Now we have to calculate numeric values for the damages:

levels(stormData$PROPDMGEXP) <- c("1", "1", "1", "1", "1", "1", "1", "1", "1", "1", "1", "1", "1", "1000000000", "1", "1", "1000", "1000000", "1000000")
levels(stormData$CROPDMGEXP) <- c("1", "1", "1", "1", "1000000000", "1000", "1000", "1000000", "1000000")
stormData$PROPDMG <- stormData$PROPDMG * as.integer(stormData$PROPDMGEXP)
stormData$CROPDMG <- stormData$CROPDMG * as.integer(stormData$CROPDMGEXP)

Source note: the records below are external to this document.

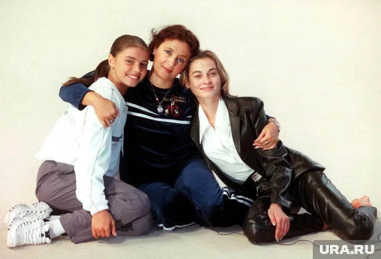 Абсолютная чемпионка мира и Европы 2000 года Алина Кабаева (на снимке слева) и чемпионка мира и Европы Юлия Барсукова (справа) и главный тренер спортсменок Ирина Винер (посередине)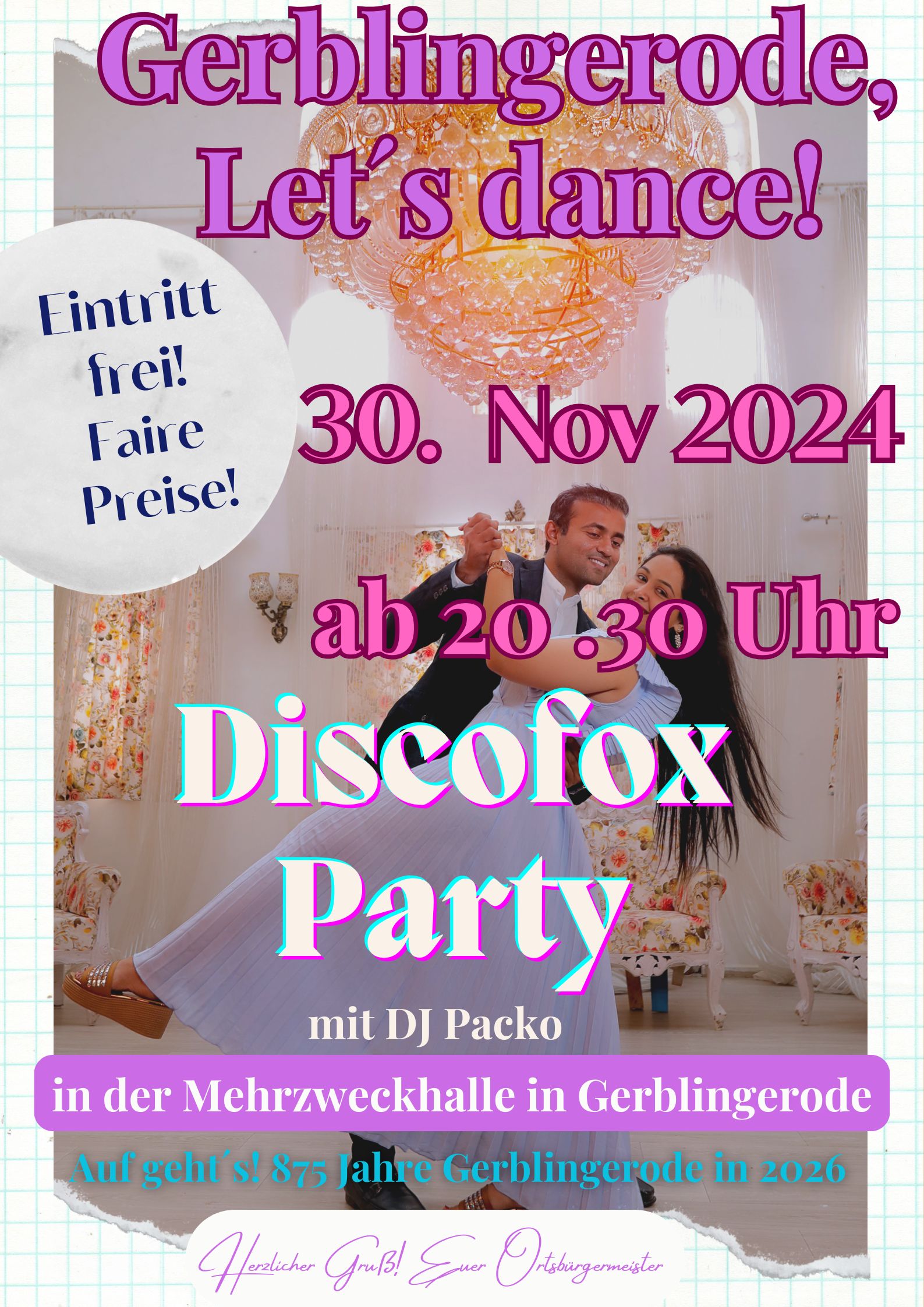 Nach dem Discofox-Tanzkurs steigt am 30.11.2024 ab 20.30 Uhr die Dicofox-Party für Alle, die Bock haben zu tanzen und zu feiern. Diesmal mit dabei: DJ Packo, der uns richtig einheizen wird mit allem, wozu man Discofox tanzen kann. Eintritt kostenlos und faire Preise! Gerblingerode, auf geht´s! 875 Jahre Gerblingerode in 2026. Der Reingewinn kommt wieder der Arge der Vereine & Verbände zugute!
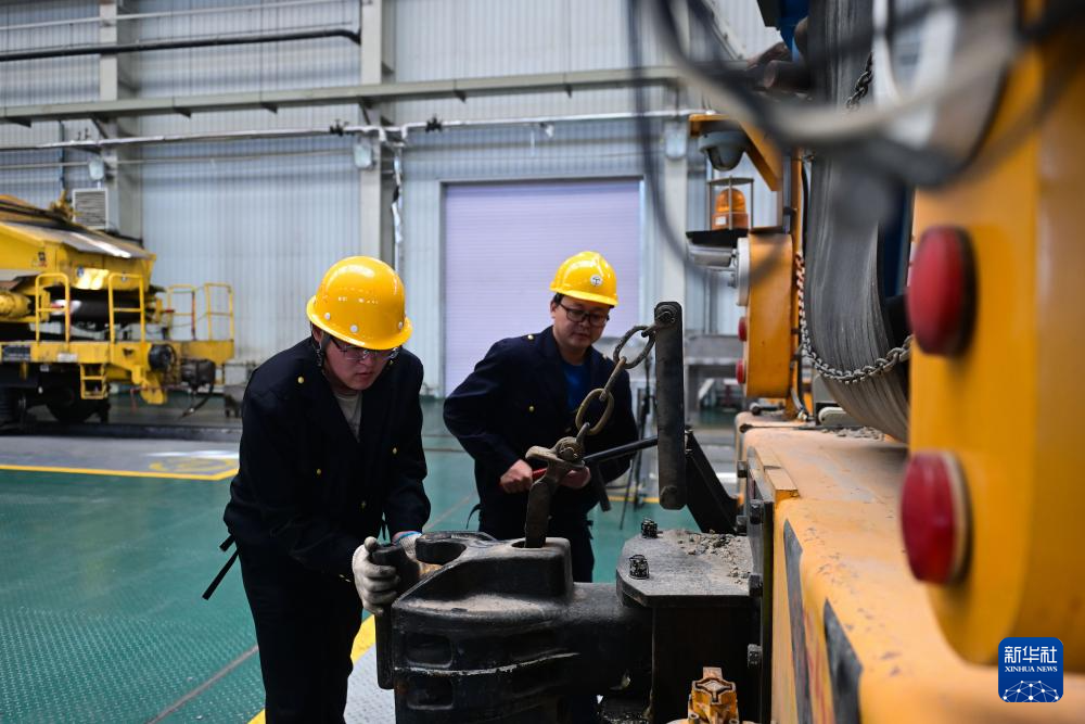 4月25日,中國鐵路青藏集團(tuán)有限公司西寧工務(wù)機(jī)械段職工在檢查車鉤。新華社記者 張龍 攝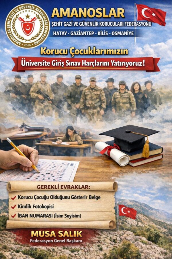 Amanoslar Güvenlik Korucuları Federasyonu Genel Başkanı Musa Salık, geleceğin teminatı olan gençlere yönelik anlamlı bir destek programını kamuoyuyla paylaştı. Salık’ın öncülüğünde federasyon, üniversite sınavına girecek korucu çocuklarının sınav giriş harçlarını karşılama kararı aldı.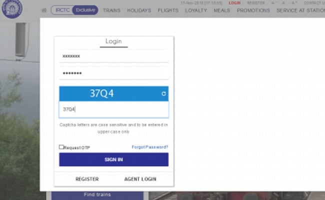 Step 1: The user is required to log into the IRCTC portal.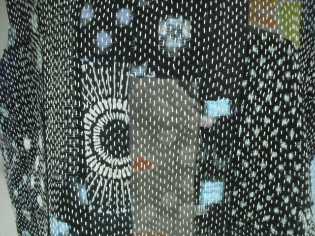 片面は古布の絣、型染め、柿渋染めした武者のぼりを組み合わせて作りました。 素材は綿です。 遊びごころタップリに白い刺し子糸をステッチ風に縫い上げました。 丁寧にひと針、ひと針手間をかけて全体を仕上げました。 時間をかけてお作りしたことが一目で分かります♪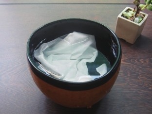 将棉布浸放在盆中半小时以上,如在气温较低的情况下可用温水浸泡。
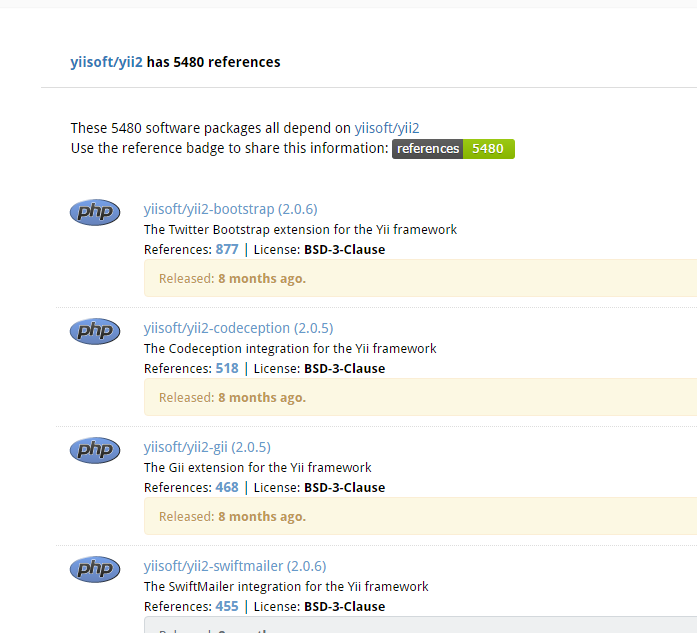 # 发布在 packagist.org (opens new window) 上面的包的状态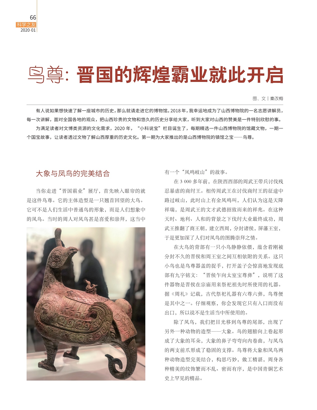 当你走进“晋国霸业”展厅,首先映入眼帘的就是这件鸟尊。它的主体造型是一只翘首回望的大鸟。它可不是人们生活中普通鸟的形象,而是人们想象中的凤鸟。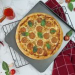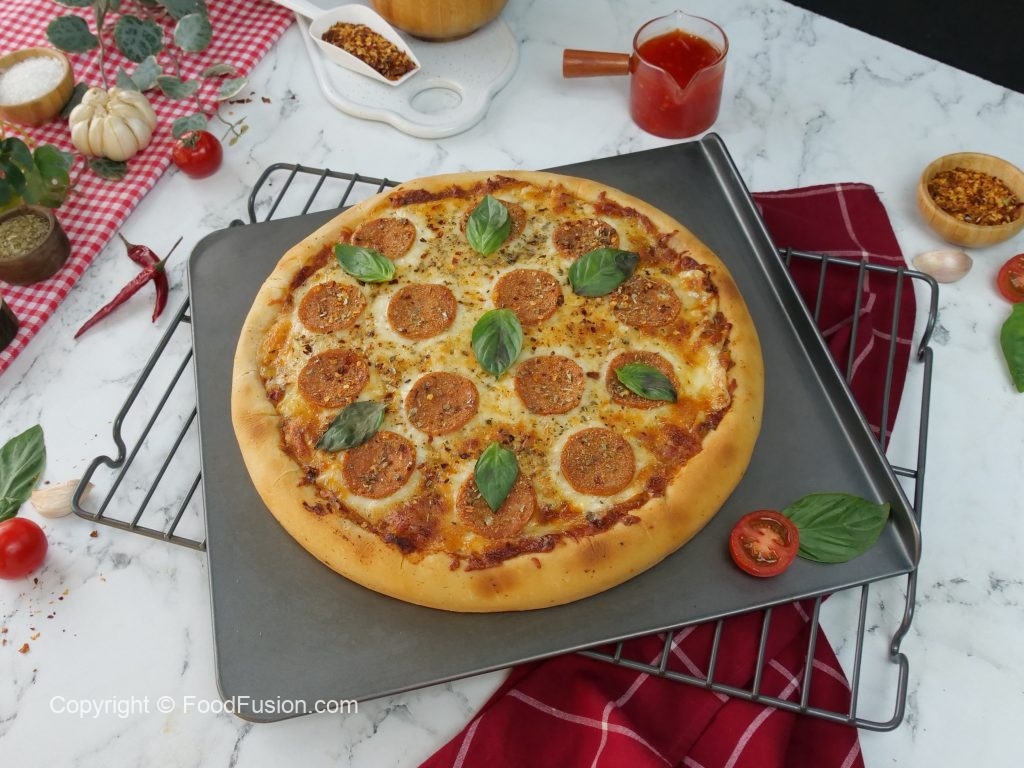 -Lal mirch crushed,lehsan powder aur dried oregano chirak dein aur sides ko cooking oil sa grease ker lein (makes 2).

It’s also better to clean the Event types column. And add up health and economy damages

levels(stormData$EVTYPE) <- gsub("[^a-zA-Z]", " ", tolower(levels(stormData$EVTYPE)))
levels(stormData$EVTYPE) <- gsub("^\\s+", "", levels(stormData$EVTYPE))
levels(stormData$EVTYPE) <- gsub("\\s+$", "", levels(stormData$EVTYPE))
levels(stormData$EVTYPE) <- gsub("\\s+", " ", levels(stormData$EVTYPE))
stormData$propDamage <- stormData$PROPDMG + stormData$CROPDMG
stormData$healthDamage <- stormData$FATALITIES + stormData$INJURIES

Results

Analysis

Now we have the data required and we have cleaned it to some extent. Lets create two separate datasets for each health and economy

healthData <- stormData[, c("EVTYPE", "FATALITIES", "INJURIES", "healthDamage")]
ecoData <- stormData[, c( "EVTYPE", "PROPDMG", "CROPDMG", "propDamage")]
ecoDataRep <- aggregate(ecoData$propDamage, by = list(ecoData$EVTYPE), FUN = sum, na.rm = TRUE)
colnames(ecoDataRep) <- c("EVTYPE", "damage")
healthDataRep <- aggregate(healthData$healthDamage, by = list(healthData$EVTYPE), FUN = sum, na.rm = TRUE)
colnames(healthDataRep) <- c("EVTYPE", "damage")

Lets get the top 12 event types, in each health and economy data sets, which have caused most damage.

topEcoEvents <- ecoDataRep[order(-ecoDataRep$damage), ][1:12, ]
topHealthEvents <- healthDataRep[order(-healthDataRep$damage), ][1:12, ]

Visualization

Plot for top 12 event types causing highest damage to health:

require(ggplot2)
## Loading required package: ggplot2
ggplot(topEcoEvents, aes(x = EVTYPE, y = damage)) + geom_bar(stat = "identity", aes(fill = damage), position = "dodge") + theme(axis.text.x = element_text(angle = 45, hjust = 1)) + xlab("Event Type") + ylab("Damage") + ggtitle("Event damages with respect to population health across USA")

Plot for top 12 event types causing highest damage to economy:

ggplot(topHealthEvents, aes(x = EVTYPE, y = damage)) + geom_bar(stat = "identity", aes(fill = damage), position = "dodge") + theme(axis.text.x = element_text(angle = 45, hjust = 1)) + xlab("Event Type") + ylab("Damage") + ggtitle("Event damages with respect to economy across USA")

Conclusion

From above graphs its evident that Tornado is the winner causing most damage to economy and also to health of people across USA.